By Awesome Supplements, Read time: 10 minutes
~10 minute read. Cliff Notes:
- For Stevia to be the healthiest sweetener, it would need to be beneficial or it would need to avoid the negative health consequences that the other sweeteners are responsible for
- There is no evidence that Stevia is uniquely good for you
- There is no good human evidence that any artificial sweetener does anything bad to your health by any metric
- In terms of gut health, if anything, Stevia may be the worst option
We’re often asked why it is we don’t use Stevia, or if Stevia would not have been a better choice for including in our products. This is a perfectly reasonable, understandable, and an overall great question! If there is a better option, we believe we have a duty to use it, but is Stevia the better option? This short blog seeks to answer that question as fully as possible.
Is stevia better than other sweeteners?
First of all we need to frame the discussion. If we’re asking whether or not Stevia is better, the honest place to start out is by asking ‘better than what?’ There are a host of different options if you want to include a substance that increases the sweetness of a given product, with the primary choices being:
- Nutritive Sweeteners: sugar, sugar alcohols, modified sugars and natural syrups like honey
- Non Nutritive Sweeteners (NNS) like sucralose and highly refined stevia extract
Now of course if you wanted to create a product that is as close to nature as possible you would sweeten it with a natural substance like honey, agave nectar, maple syrup or table sugar from cane or beets. This is a fine suggestion – indeed these are included in a many of the products you find on supermarket shelves, but of course they also contain calories; lots of them if you want to make a product taste sweet and dessert-y. There are arguments to be made that we active folks don’t need to worry so much about sugar as people think we do, but it’s easy to see why a protein powder flavoured with 30g sugar per serving, or a 400kcal protein bar with 150kcal from maple syrup probably wouldn’t be so successful in the health and fitness space.

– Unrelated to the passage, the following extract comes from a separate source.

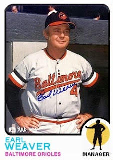 Arguably the greatest manager of his time, Weaver always had his team in contention. Utilizing the great pitching and 3 run homer combo Weaver only had a losing record once, his final season (1986). He won over 100 games 5 times. His career record of 1480-1060 (.583) in 17 seasons is more than just impressive. He won 1 World Championship (1970), 4 AL Pennants (1969-1971, 1979) and 6 AL East Crowns. During his initial 16 year run the lowest he finished was 4th place with a team that won 90 games. 1973 was sort of a redemption year for him. After the team traded away leader Frank Robinson after losing the '71 Series to the Pirates the clubhouse had a huge void and the O's finished 80-74, a distant 3rd place. By winning 97 and taking the division in '73 Weaver proved to everyone he could win without #20.

As such, we’re going to pretty much ignore nutritive sweeteners for the time being and focus on what we feel is the most fair comparison – NNS.
If you’re looking to sweeten something with NNS you have a large number of options, with the most famous being Aspartame, Sucralose (which we use at Awesome Supplements), Saccharine and Stevia. As such, if we’re asking if Stevia is the best NNS, or better than the other NNS, we would need to define how ‘good’ the other options are. It’s very difficult to do this via taste profile because taste preferences are subjective, so instead we’re going to compare Stevia to the other NNS along the axis that comes up the most – health.
So how good or bad are artificial sweeteners (NNS) in general?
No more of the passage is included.